Of course, she does. The very things in Wind Waker that gave me hope in 2003 arouse something akin to pity now. The winds blew a different way, and the Zelda that followed, Twilight Princess, took a hard turn toward fan service and dark classicism following the outcry over Wind Waker’s style. Skyward Sword retreated even further into the past and attempted a prequel origin story that answered questions no one was asking (wherever did the Master Sword come from?). Both resumed the restoration narratives of Zeldas past, and the Wind Waker time line, if not its ethos, continued in a couple of handheld titles.

Is it fair to let Wind Waker’s failed Zelda revolution affect one’s evaluation of the game now? Perhaps not, but it does anyway. Just as everything that’s happened in the past 10 years affects our playing of the HD re-release. For some the years have brought greater appreciation, and for others a more severe disappointment. But either way, it’s simply no longer possible to evaluate it in terms of 2003.
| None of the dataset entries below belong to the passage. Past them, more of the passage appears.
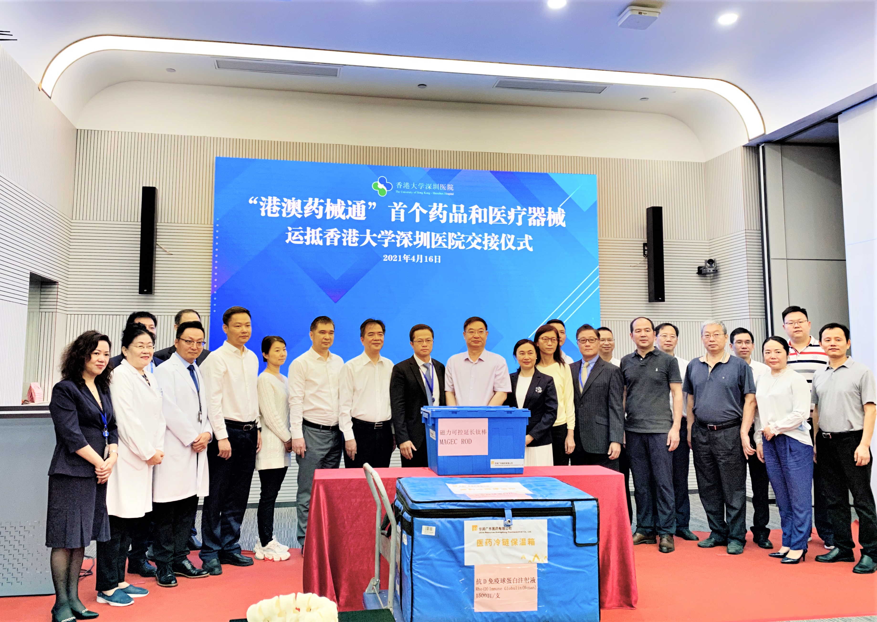 2021年4月16日上午九點(diǎn),香港大學(xué)深圳醫(yī)院(以下簡(jiǎn)稱:港大深圳醫(yī)院)和華潤(rùn)廣東醫(yī)藥有限公司(以下簡(jiǎn)稱:華潤(rùn)廣東醫(yī)藥)正式交接“港澳藥械通”首個(gè)藥品(抗D免疫球蛋白注射液)和醫(yī)療器械(磁力可控延長(zhǎng)鈦棒)。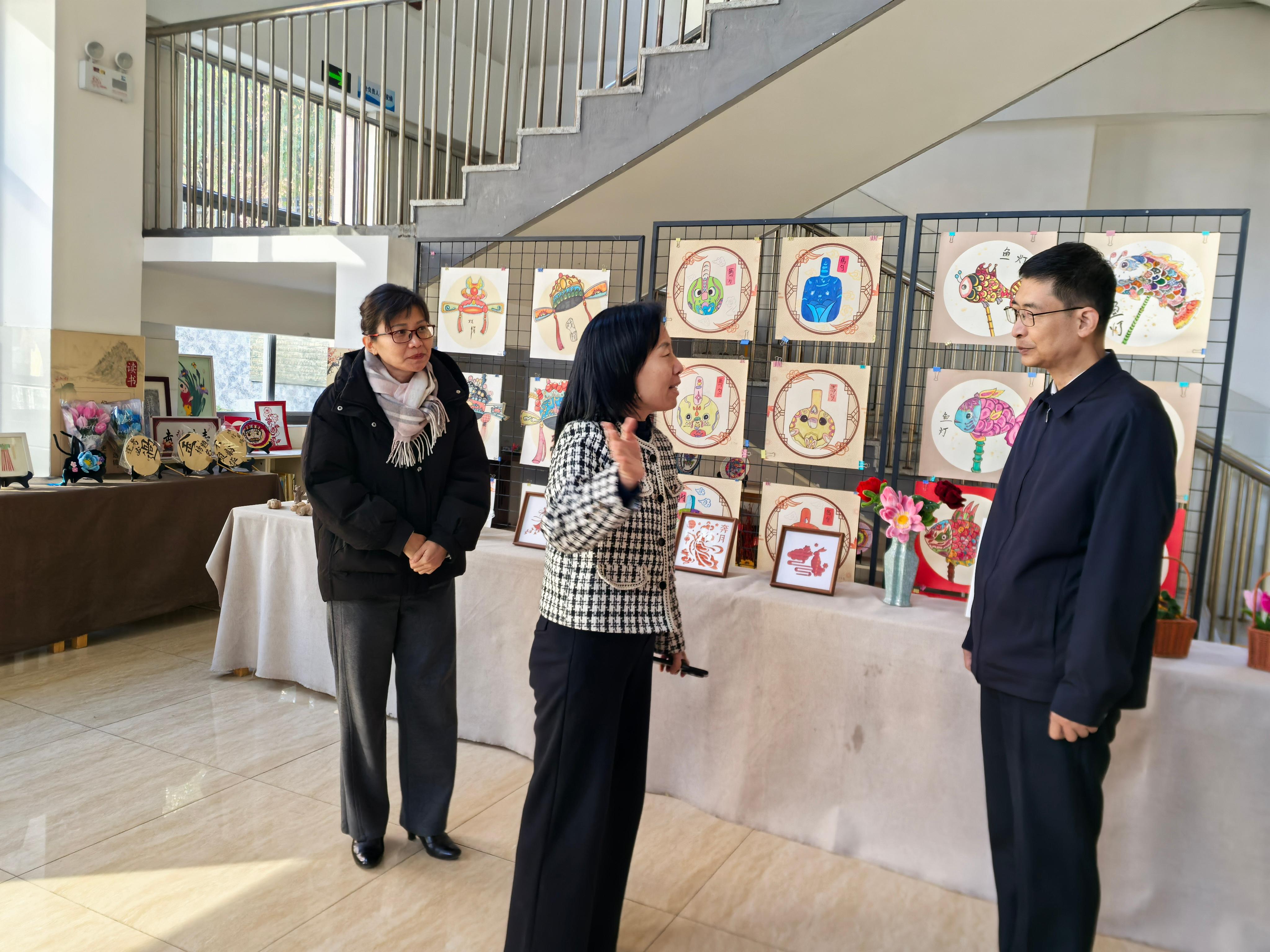 活动伊始,与会领导、嘉宾共同漫步校园,沉浸式感受景山小学 “以美育人、向美而生”的浓厚文化育人氛围。教学楼内诗书画印、笔墨纸砚主题展区与京剧脸谱、扎染作品相映成趣,“景小美学非遗”校本课程成果展上,兔子王、剪纸、拓印等学生作品琳琅满目,书香墨韵与艺术气息交融,为此次讲座奠定了深厚的文化基调。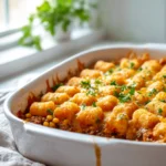 This Cowboy Casserole combines savory ground beef, sweet corn, gooey cheese, and crispy tater tots into one hearty dish. It’s the ultimate comfort food that guarantees smiles around the dinner table!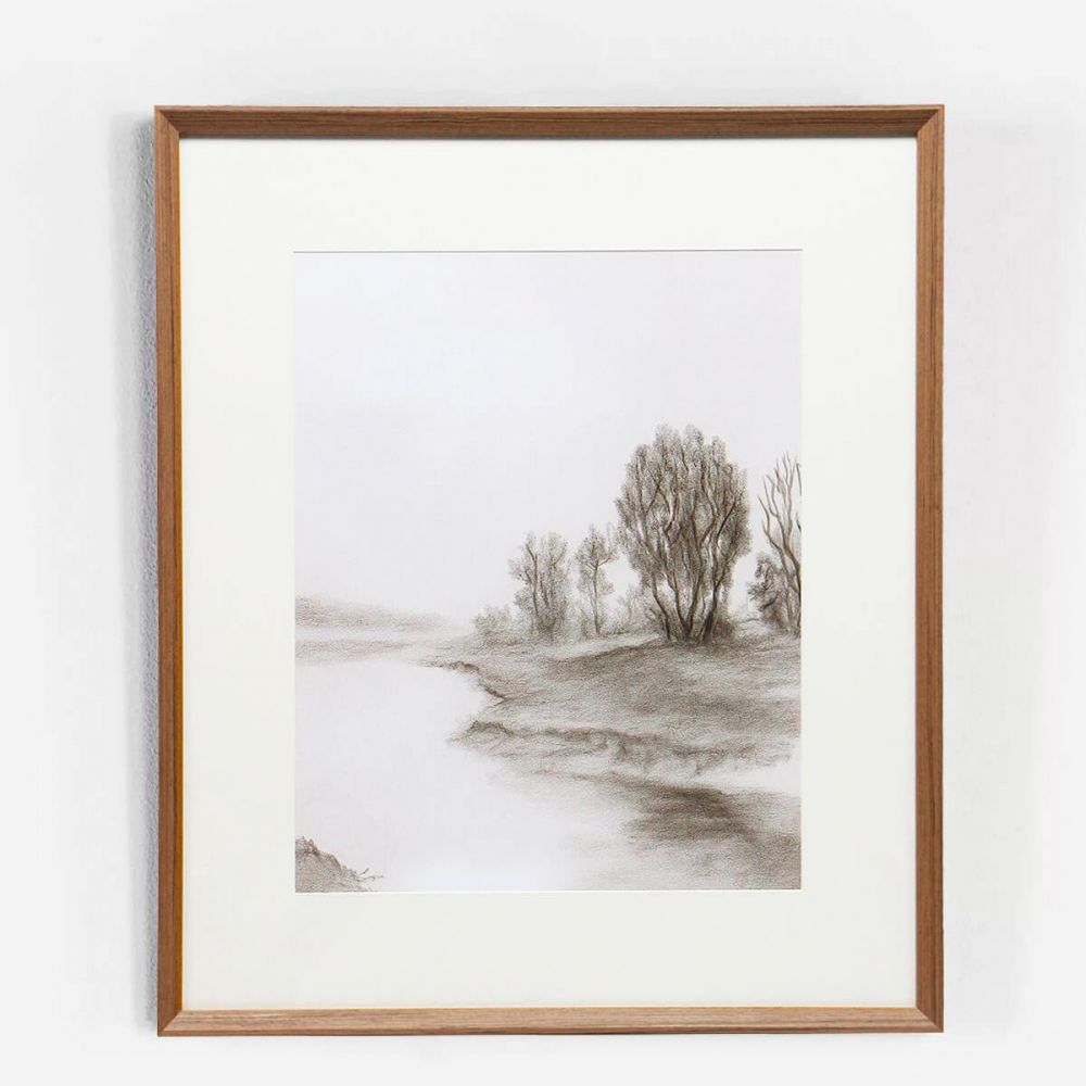 Этот постер — вторая часть диптиха, продолжающая исследование тишины и света в технике графитного карандаша. Как и первая работа, она запечатлевает умиротворенный пейзаж у воды, где мягкие, размытые контуры деревьев растворяются в туманном воздухе. Виртуозная штриховка и тончайшие тональные переходы создают не изображение, а впечатление — шелест листвы, дрожь на воде, ощущение свежего утра. Это искусство, которое говорит шепотом, но говорит очень выразительно.

I’ve always felt kindly toward Wind Waker, even as my memory of it has faltered. Its charms can still overpower, and even now, a few days out, I have more affection for the re-release than I did while actually playing. If you’d asked me a year ago how I would have scored Wind Waker based on memory alone, I would have said it was something like an 8 out of 10. But it’s bad practice to score games you haven’t played recently, for scores expire like milk. After playing through the re-release, I can say it’s more like a 6. I use the full range of the scale, so a 6 out of 10 is certainly worthwhile. Though hardly timeless.

I still can’t figure out why Nintendo chose to re-release Wind Waker now. But I hope it signals a renewed belief in what it originally tried to do. If Nintendo is serious about “rethinking the conventions of Zelda, as it says it is, then perhaps Wind Waker HD is another gesture toward this, a re-release of a reboot, a show of good faith. There are plenty of reasons to think it’s nothing of the sort, but if Nintendo’s been willing to sink old Hyrule to the bottom of the ocean before, perhaps it’s willing to again. At the very least, a re-release stems the tide of obsolescence that threatens every video game. And despite its flaws, Wind Waker is a Zelda whose legend deserves to be passed on a while longer.

In truth, video games have no timeless masterpieces. There will come a day, sooner than we think, when no one will play Wind Waker. Or Chrono Trigger. Or Super Metroid. No one but curators and historians. And eventually, not even them. Tetris will not last, nor will Super Mario Bros. In a few years, who will be willing to survive fungal zombies for 15 hours just to reach the emotional climax of The Last of Us? For a medium so dependent on its players’ engagement, on their sustained attention, the question is not simply whether old games can technically be played, but will they? I think we sense this. And we want to protect our games while we can. We long to declare masterpieces and preserve them for the future because we are afraid: that one day, the game that meant so much to us will no longer have a player. Or even a legend to remember it by.